Thankfully, Amazon was able to provide the capacity and scalability that Zynga needed to thrive during what turned out to be a massive ramp-up in usage. But then, the gaming company figured it could run its own infrastructure in a way that was more suitable to its business than Amazon's service.
Zynga built a datacenter on each coast of the US, and by early 2011, about 20 percent of its users were playing games running there, not in the Amazon cloud. And by late 2011, it was 80 percent Zynga servers and 20 percent Amazon. In just two years, the company grew its server count by a factor of 50, yet it still retains Amazon as a "shock absorber" to help cope with sudden spikes in demand.
Zynga describes its "zCloud" as being managed with CloudStack software, an orchestration package recently released to the open-source community by Citrix Systems.

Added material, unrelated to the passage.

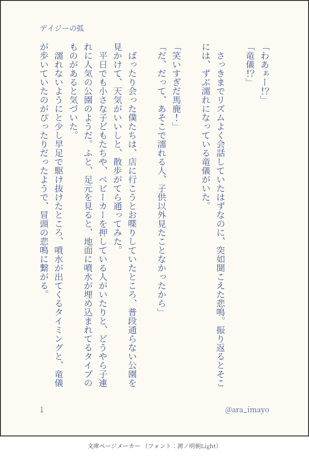 ara_imayo☆quiet followDONE企画参加しました🌼お題【デイジー】🦁と🦖は大人だけど、鬼ごっこしたり花に見惚れたりする話主催 よいち()さんありがとう〜ございます〜!! show all(+7 images) Tap to full screen (size:630x928).Repost is prohibited Let's send reactions! freqpopularsnackothersPayment processing Replies from the creator Follow creator you care about!☆quiet follow ara_imayoDONEおかえりなさい日々について想いを馳せる🦖の話 5 ara_imayoDONE企画参加しました🌼お題【デイジー】🦁と🦖は大人だけど、鬼ごっこしたり花に見惚れたりする話主催 よいち()さんありがとう〜ございます〜!! 8 ara_imayoDONE人と関わるようになって、いろいろ考えるようになった🦖さんの話。パスワード:50の放送時間を半角数字で入力してください⏰⚠️TTFC限定(補ジュウNo.8)のネタバレをガッツリ含んでいます。 4 ara_imayoDONE曇り模様な日の🦁と🦖の話梅雨時期の天気はコロコロ変わりますね 4 ara_imayoDONE子供の頃の話をする🦁と🦖の話星空に願い込めたり。 5 ara_imayoDONE凹んだ日の🦁と🦖の話 3 recommended works spi_ppyPAST今まで描いてきたもの。だいたいアニテでビーちゃんばっかり。 25 yukitori_rokkaMOURNING食われると思ってヒッてなる獪くんとか、ボツにした黒獪のらくがきなど。 2 DNanDOODLE NewRomanticismDONE 3chumosakuTRAININGポイピクを久しぶりに使いたいので、Xの方で上げてたやつでちょっと練習です🙏 3 🗝ち🦉DOODLEクル🦉✖️エレ🗝️はじめてのクリスマスまだ何も始まっていない 17 R7waterRxo9DOODLE跡塚らくがき ネコミミ塚が描きたかっただけ iw0510SPOILERラブレターフロムロラン現行未通過×2陣のらくがき絵と、エンドに適したスチルっぽくしたかったものです 3 Masumeno12DOODLEテルコ夢・2

Helping to design the setup was a company called RightScale. Hypervisor? A customized version of Xen.
Interestingly, Zynga's Leinwand wouldn't tell Ars Technica what kind of servers the company is using, or even how many datacenter facilities it has built for itself. He says the company is not building its own servers but procures them from suppliers that are able to do some amount of customization to help match hardware to different games' operating characteristics.
With "dozens of tweaks" and analysis of server and network performance, Zynga is able to run on a single server workloads that require three servers at Amazon.
Leinwand tells Ars Technica: "We dug into our applications. We wrote tools that got into the memory heap. We wrote tools that look at profiling certain processes. We got into the Linux kernel. We use CentOS, and we got into the CentOS kernel and figured out where those bottlenecks are."
Another intriguing factoid: Zynga's core database clocks in at 1.4 petabytes, organized into 24.5 trillion rows of data. That may sound as though the company is recording every click of every mouse that ever gets near one of its online games, a real exercise in big-data. But it's not. Last year, on its own engineering blog, Zynga discussed some of its thinking in this area, noting that it was recording "only" 5TB or so of data every day, not the the 50TB its gamers generate.
Clearly, not every enterprise is in the gaming business and serving and tracking hundreds of millions of active users. But it's interesting, if not necessarily applicable, to read about how some of the Web's bigger operators actually operate.